To delete a node from a binary search tree:
we have to consider three cases:
If the current has no right child, then the current's left child becomes the node pointed to by the parent.
If the current's right child has no left child, then the current's right child replaces the current in the tree
If the current's right child has a left child, replace current with the current's right child's left-most node.
To insert a node to a binary search tree, insert as a leaf with the check for the parent.
An AVL is a self balancing binary search tree. AVL trees maintain the property that the height of the left and right subtree must differ by at most 1.
If a node has no sibling, it's height is considered -1 for that subtree.
To insert a node into the AVL tree, insert the node just as in the BST. Then as a next step, if the height is violated, rotate the tree to adjust the height at the node where the violation is detected.
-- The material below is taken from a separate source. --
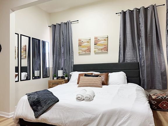 Discover a 1-bedroom, 1-bathroom apartment in The Cardinal, Evansville, IN, perfect for travelers or professionals. The cozy bedroom features a king-size bed and a Smart TV, while the inviting living area includes everything you need to relax or catch up on work with fast Wi-Fi. The fully equipped kitchen and access to in-building laundry ensure a hassle-free stay. Close to shops and essentials, this apartment offers a convenient and comfortable home base for any visit. Built in 1906 and fully renovated in 2024, The Cardinal building offers 7 unique apartments professionally designed by local artists to make every guest's experience comfortable and enjoyable. This unit is a main floor apartment. The cozy bedroom features a king-size bed and a Smart TV, while the inviting living area includes everything you need to relax or catch up on work with fast Wi-Fi. The fully equipped kitchen and access to in-building laundry ensure a hassle-free stay. The building offers free parking for all guests and access to a 24/7 laundry room on premises. Conveniently located by 1st Avenue close to a variety of Evansville's downtown restaurants, shops, and attractions. Guests will have access to the entire apartment. The inviting living area includes everything you need to relax or catch up on work with fast Wi-Fi.

Check each node for violation up the parent chain because one rotation may not be sufficient.
If the node with the violation is A, then
If a node is inserted into the left subtree of the left child of A, then there is one rotation
If a node is inserted into the right subtree of the right child of A, then there is another rotation
If a node is inserted into the left subtree of the right child of A, then there is double rotation
If a node is inserted into the right subtree of the left child of A, then there is double rotation.
To delete a node from an AVL tree, is more involved than one rotation because each of the nodes in the parent chain needs to be checked for violations since imbalance may propagate upwards.
An AVL tree comes in useful when subsequent operations access the recently added node such as in the splay trees. Splaying means moving the node to the root by rotations. The tree remains roughly balanced.
A Red-black tree satisfies the additional properties that
Every node is either red or black.
The root and the leaves are black
If a node is red, then its children are black.
For each node, all simple paths from the node to the descendant leaves contain the same number of black nodes.
To insert a node in the red-black tree, insert as in a BST and then fixup the colors with three cases.
case 1 is when we recolor the nodes.
case 2 is when we left rotate the nodes
case 3 is when we right rotate the nodes.
To delete a node in the red-black tree, delete as in a BST and then fixup the colors with four cases
with one more case for the double rotation. Reverse the operations for right and left for the other subtree. In insertion we look up at the parent's sibling and in deletion we look at the sibling of the node and the children of the node for their color.
Graph algorithms are briefly enumerated below.
Breadth first search algorithms traverse reachable vertices with the smallest number of edges. Eg
Dijkstra's single source shortest path algorithm and
Prim's minimum spanning tree
Dijkstra's algorithm extracts the minimum shortest path estimate vertex and adds it to the set of vertices maintained. It then relaxes all the edges outbound from that vertex.
Prim's algorithm builds a minimum spanning tree by adding edges to the tree in a way that is safe and minimum cost for the tree.
Depth first search explores vertex outbound from the most recently added vertex. The nodes are initially white. We color the nodes gray when we discover them and after we have explored the edges, we color them black. The nodes are thus found as in a parenthesis structure and intervals of nodes can either be disjoint, descendant and contained one within the other.
We now look at some data structures.
a hash_map is an associative container that indexes based on the hash of the contained elements as opposed to the map that uses the less than operation on the elements contained. Collisions are resolved to buckets.
A multimap is like a map except that it allows duplicate entries. The range of duplicate entries can be looked up with equal_range. A multiset is a set that allows duplicate keys. Valarrays and bitset are specialized containers.

Monday, September 1, 2014

Some interview questions I came across online from Hanselman's blog and posting quick (and probably not sufficient ) answers below:
Q: From constructor to destructor (taking into consideration Dispose() and the concept of non-deterministic finalization), what the are events fired as part of the ASP.NET System.Web.UI.Page lifecycle. Why are they important? What interesting things can you do at each?
A: Page goes through Request -> Start-> Initialization-> Load->Validation->PostbackEventHandling->Rendering->Unloading.
Events fired are
PreInit() Check IsPostBack property to determine if the page is being processed the first time
Init () raised after all controls have been initialized and used to initialize control properties
InitComplete() raised by the Page object for initialization completion
PreLoad after this the page loads view state for itself and all controls.
Load corresponding to OnLoad event, Page recursively loads all controls.This is used to establish database connections
Control events: eg. TextChanged Button's Click events
LoadComplete: used for anything else to be loaded.
PreRender - Used to make final changes to the contents of the page or its controls.
SaveStateComplete - at this point viewstate has been saved.
Render - Page calls this method on each control
Unload - calls cleanup in the reverse sequence - controls, controls specific database connections, page itself, logging and request specific tasks.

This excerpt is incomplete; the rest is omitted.